Эва снова водрузила на нос очки и продолжила: в квартире у Пальмгрен также не удалось обнаружить никаких следов. Кроме того, пропал ее ноутбук.
– Она занималась бизнесом, значит ноутбук должен быть.
– А что, если она взяла его в Гётеборг? – предположил я.
– Возможно, – согласилась Эва. – Мы прослушали ее автоответчик. Там оказалось только одно сообщение от дочери, которая учится в Копенгагене. Не знаю, о чем говорить с ней, пусть ею занимаются в Гётеборге. Более того, у нее, как и у мамы, пропал мобильный.
Я едва не спросил, не заметили ли полицейские пожарный шлем в квартире Пальмгрен, но воздержался. Скорее всего, его она тоже взяла в Гётеборг.
– И здесь наблюдается одно маленькое отличие, – добавила Эва.
– Какое? – насторожился я.
– Непохоже, что Пальмгрен пошла на это добровольно, несмотря на все, что ты говорил о национальных движениях.
– Объясни.
– У нее содрана кожа на запястьях, то есть надевали наручники. И она была задушена ремнем, предположительно от брюк, точно не известно. Согласно выводам криминалистов, польку просто отшлепали ладонью, в то время как в случае с Пальмгрен преступник использовал подручное средство, что-то плоское и рубящее.
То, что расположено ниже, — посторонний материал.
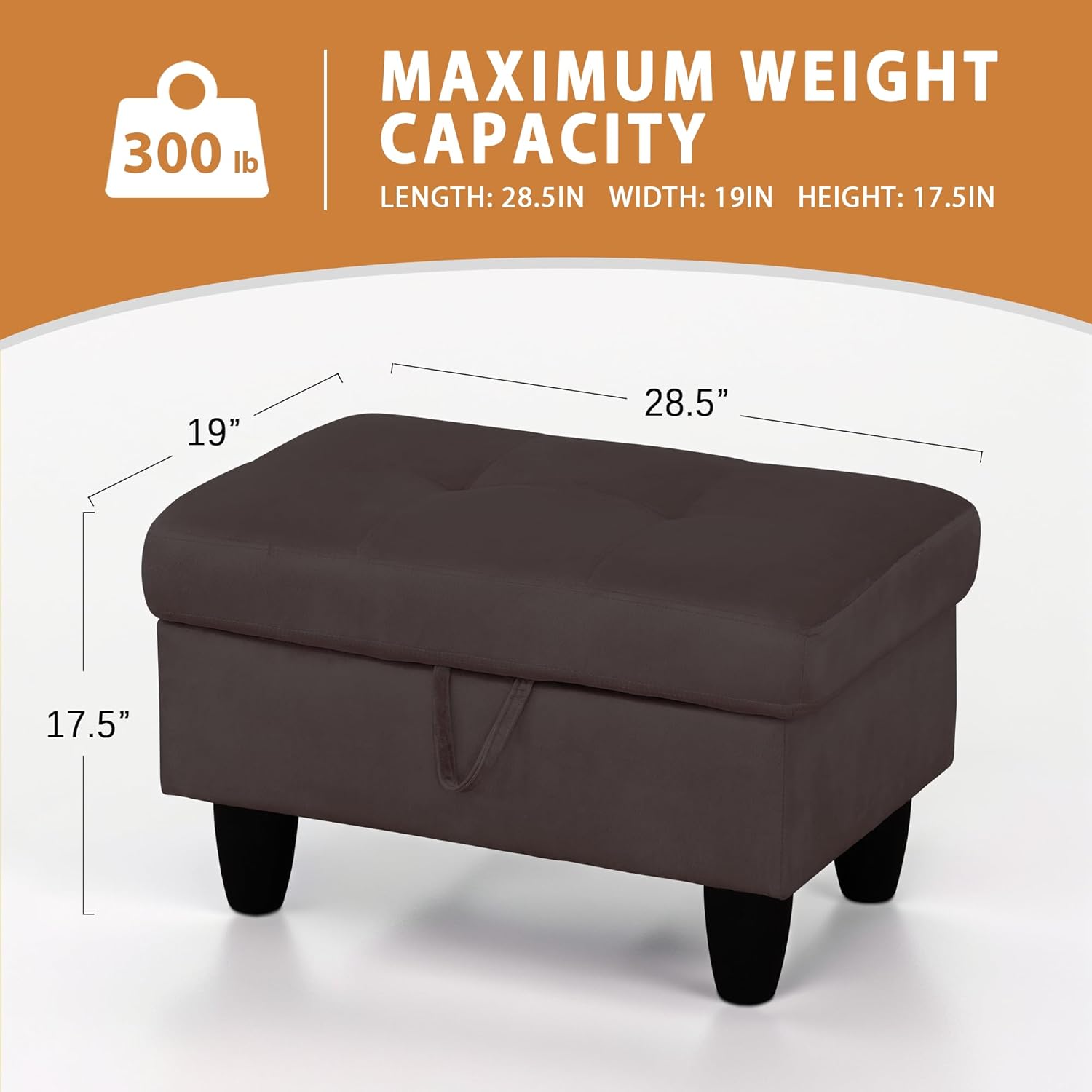 • SIZE & CAPACITY: Measuring 28.5" L x 19" W x 17.5" H, this storage ottoman is crafted to integrate smoothly into any room. With a weight capacity of up to 300 lbs, it provides both a stylish touch and a durable, dependable option for seating or storage in your home.

Она вытащила из папки еще один лист и положила передо мной.
Мне показалось, что я узнал ягодицы Ульрики Пальмгрен. Их сняли с трех ракурсов: сверху, справа и слева. При мне они были белыми, на фотографиях – красными и опухшими. Думаю, Эва ошибается насчет подручного средства. Ульрику били чем-то вроде массажной щетки, я не раз видел такое в порнографических фильмах.
– Но почему они сразу этого не сказали? – удивился я.
– Эксперты решили подождать, – ответила Эва. – Они полагают, что мы имеем дело с психом, серийным убийцей, который страшно разочаруется, если не попадет на первые газетные полосы. Настолько разочаруется, что так или иначе обнаружит себя. Даст о себе знать. Они вообще очень много воображают и слишком любят телесериалы. Это в американских фильмах вроде «Места преступления» или «Мыслить как преступник» действуют сверхпрофессиональные следователи и не менее техничные бандиты. На деле же чаще всего речь идет о случайности, импровизации как в части совершения, так и раскрытия преступлений. Поэтому мы молчим. Это как с тем придурком, который расстреливал эмигрантов в городе. Кое-какие факты о нем решили не разглашать.